For the best chances of fossilization, the primate carcass will be largely neglected until it is buried: i.e., not entirely destroyed by predators and scavengers, trampled by other organisms, washed down a turbulent riverbed, and, ultimately, not completely recycled into the ecosystem so that parts of its teeth and bones are left intact (Figure 1). Even when such things occur, fossilization can and does proceed, but the forces that dismantle the carcass diminish the likelihood of fossilization and greatly reduce opportunities for discovery, identification, and analysis of the ancient primate's remains. Nevertheless, the processes that affect the carcass form an important part of the context scientists need to best understand the circumstances of the death - and by extension, life - of the ancient primate.

Ape feet
Figure 1: Ape feet
Articulated bones of the right and left feet of an adult Proconsul heseloni (museum catalog no. KPS III). These ape feet remained intact upon burial and during fossilization, and were excavated roughly 20 million years later at the Kaswanga Primate Site, Rusinga Island, Kenya.
© 2015 Alan Walker

3. Burial

The primate carcass is buried by geologic processes.
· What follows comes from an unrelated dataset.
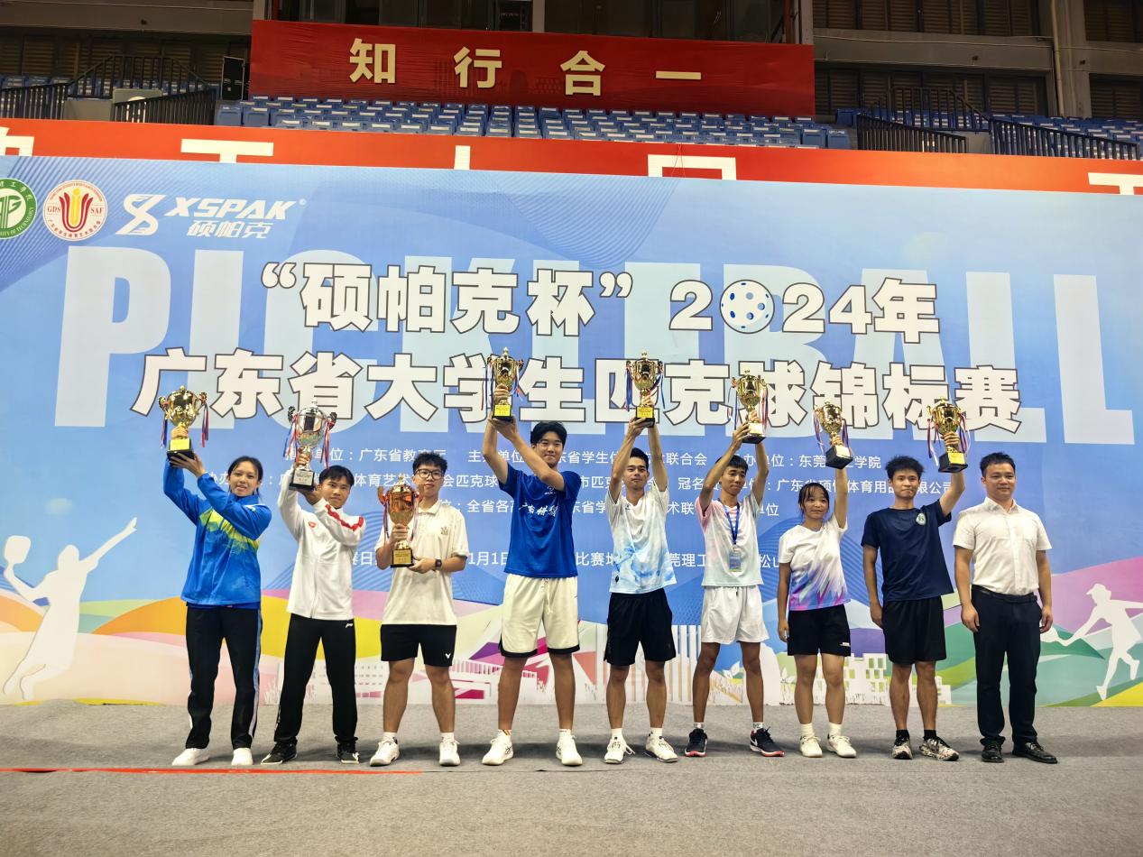 11月2日至3日,“硕帕克杯”2024年广东省大学生匹克球锦标赛在东莞理工学院松山湖校区举行,活动吸引了来自广东省各高校的38支代表队、近570名教练员与运动员参赛。我校匹克球队在领队刘银芳,教练张茂添、李太荣的带领下,共派出12名队员,经过多轮激烈角逐,凭借出色的团队协作和精湛的技术,在众多强队中脱颖而出,勇夺2金1银2铜的佳绩,最终摘得丙组团体冠军,载誉而归。

The sediment in which it is buried cannot be too acidic. Some silty lake bottoms are hospitable environments, and so are bogs and tar pits which lack many micro-organisms which could further disintegrate the remains. Although some wet environments, especially anaerobic ones, offer fossil-friendly conditions, so do very dry ones. Sedimentation occurs most frequently and most rapidly in places where water and air are moving, or when other events (for example, volcanic eruption) deposit soil, sand, mud, ash, or dust on the landscape. If the primate dies in proximity (space and time) to such sedimentary forces, then its chances for fossilization are improved. Burial by volcanic ash is especially helpful because, depending on the geochemistry of the ejected sediment, not only could the conditions foster fossilization, but the sediment could be dated by geochronologists. Ideally, underground microbes, burrowing animals, and plant roots do not disturb, break, or disperse the remains any further.

4. Fossilization

Primate skeleton
Figure 2: Primate skeleton
Nearly complete ~47 million-year-old fossil primate skeleton with soft-tissue body outline (indicated by the darkly stained matrix) of Darwiniusmasillae from Messel, Germany. Scientists discovered organic remains of food (leaves and a fruit) in the digestive tract preserved in the abdominal region.
© 2009 Franzen JL, Gingerich PD, Habersetzer J, Hurum JH, von Koenigswald W, Smith BH (2009) Complete Primate Skeleton from the Middle Eocene of Messel in Germany: Morphology and Paleobiology. PLoS ONE 4(5): e5723. doi:10.1371/journal.pone.0005723 All rights reserved. View Terms of Use
Once buried in what is now termed the matrix, the organic materials that comprised the living primate can begin to disintegrate or to chemically change along with the matrix. Over deep, or "geologic," time, and with the right temperature, chemical, and pressure conditions, hard rocks are formed from soils, sands, silts, muds, ashes and other types of loose sediment. This process is called diagenesis and refers to the lithification of both the sediment to the biological remains within the sediment. When once-living organisms are transformed into rocks or leave impressions or imprints within rocks, then those rocks are referred to as fossils, and the process is known as fossilization. Trace fossils are imprints left in sediment by an organism - either during its life (e.g. footprints, insect nests, and tooth pits on the bones of prey) or during its death - that become rock. Many small soft-bodied creatures are preserved this way and it is how a primate's hair, skin, and organs can preserve (e.g. Franzen et al., 2009; Figure 2). However, these are very rare cases. Instead, primates are usually preserved as petrified teeth and bones that can be extracted from the surrounding rock. These kinds of fossils can be formed in two major ways.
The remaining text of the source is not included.